Exercise prompt ->
Reproduce the lines of the material exactly, excluding every image.

Dataset excerpt ->
○ ○ ○

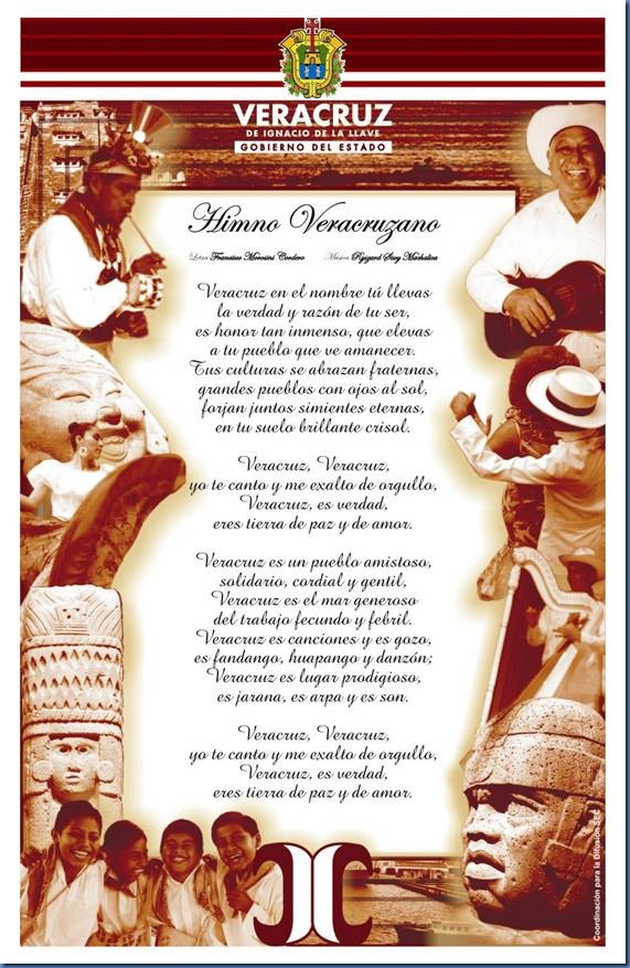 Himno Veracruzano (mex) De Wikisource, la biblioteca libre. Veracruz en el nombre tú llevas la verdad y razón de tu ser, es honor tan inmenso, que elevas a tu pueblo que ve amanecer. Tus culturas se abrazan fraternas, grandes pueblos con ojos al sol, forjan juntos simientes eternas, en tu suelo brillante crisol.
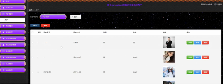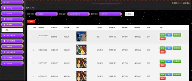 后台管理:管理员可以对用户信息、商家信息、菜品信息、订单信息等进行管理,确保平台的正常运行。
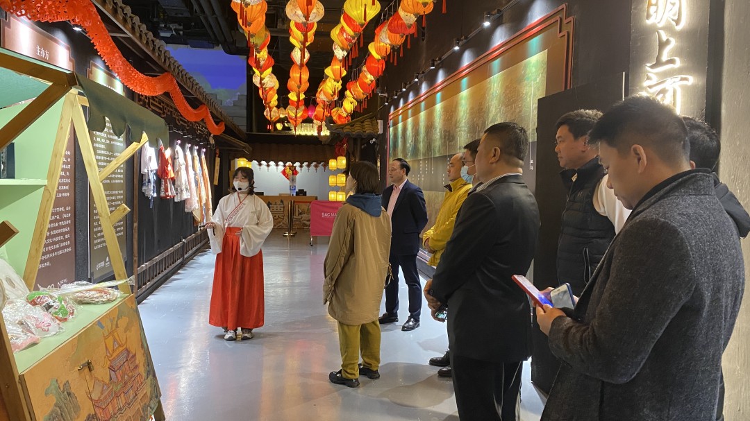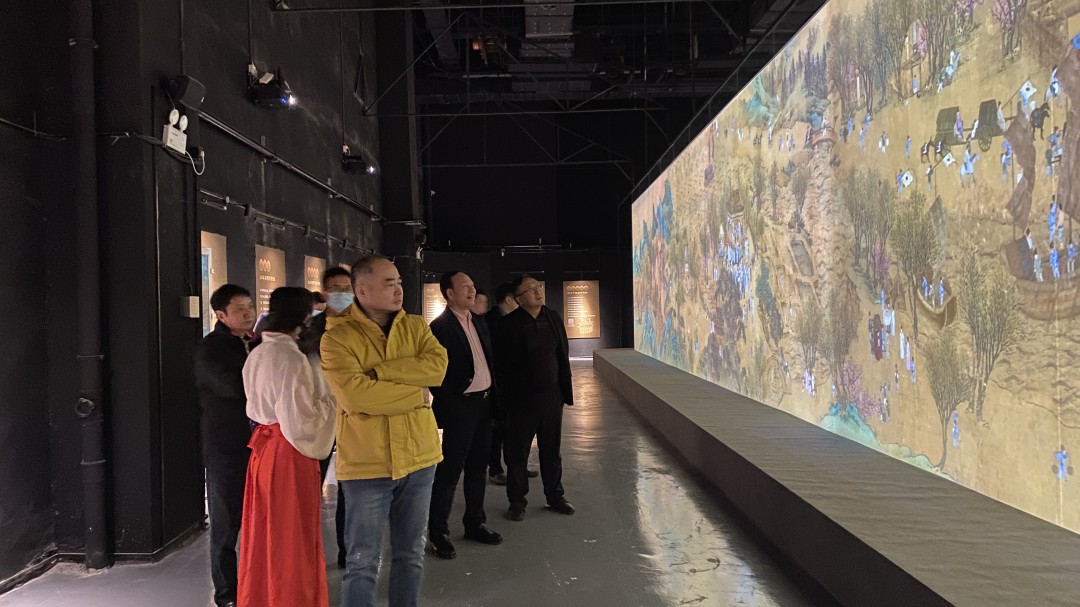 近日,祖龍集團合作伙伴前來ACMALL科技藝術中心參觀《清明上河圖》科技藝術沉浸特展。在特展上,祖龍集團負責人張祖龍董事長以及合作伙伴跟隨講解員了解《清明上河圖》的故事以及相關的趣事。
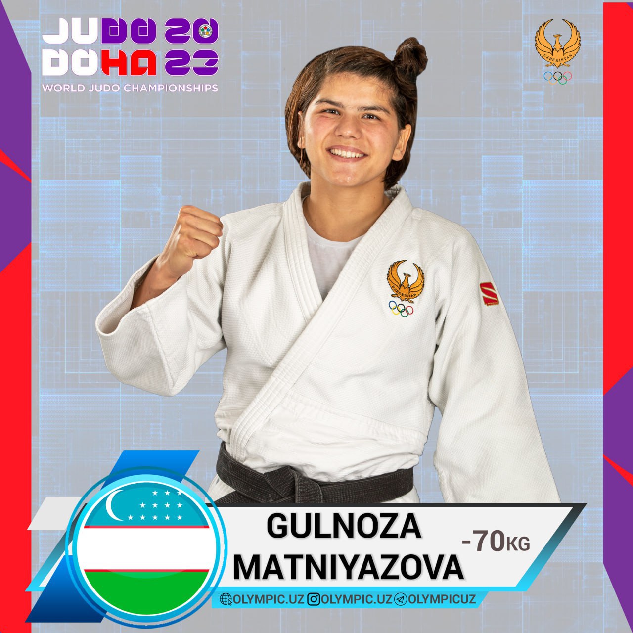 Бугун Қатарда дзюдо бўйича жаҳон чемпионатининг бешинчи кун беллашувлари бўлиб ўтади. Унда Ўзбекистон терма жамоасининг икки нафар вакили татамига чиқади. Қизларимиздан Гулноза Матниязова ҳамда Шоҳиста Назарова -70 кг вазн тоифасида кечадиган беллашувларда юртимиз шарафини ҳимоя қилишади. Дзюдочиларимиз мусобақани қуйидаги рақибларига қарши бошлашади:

○ ○ ○

Answer for the task ->
 Himno Veracruzano (mex) De Wikisource, la biblioteca libre. Veracruz en el nombre tú llevas la verdad y razón de tu ser, es honor tan inmenso, que elevas a tu pueblo que ve amanecer. Tus culturas se abrazan fraternas, grandes pueblos con ojos al sol, forjan juntos simientes eternas, en tu suelo brillante crisol.
 后台管理:管理员可以对用户信息、商家信息、菜品信息、订单信息等进行管理,确保平台的正常运行。
 近日,祖龍集團合作伙伴前來ACMALL科技藝術中心參觀《清明上河圖》科技藝術沉浸特展。在特展上,祖龍集團負責人張祖龍董事長以及合作伙伴跟隨講解員了解《清明上河圖》的故事以及相關的趣事。
 Бугун Қатарда дзюдо бўйича жаҳон чемпионатининг бешинчи кун беллашувлари бўлиб ўтади. Унда Ўзбекистон терма жамоасининг икки нафар вакили татамига чиқади. Қизларимиздан Гулноза Матниязова ҳамда Шоҳиста Назарова -70 кг вазн тоифасида кечадиган беллашувларда юртимиз шарафини ҳимоя қилишади. Дзюдочиларимиз мусобақани қуйидаги рақибларига қарши бошлашади:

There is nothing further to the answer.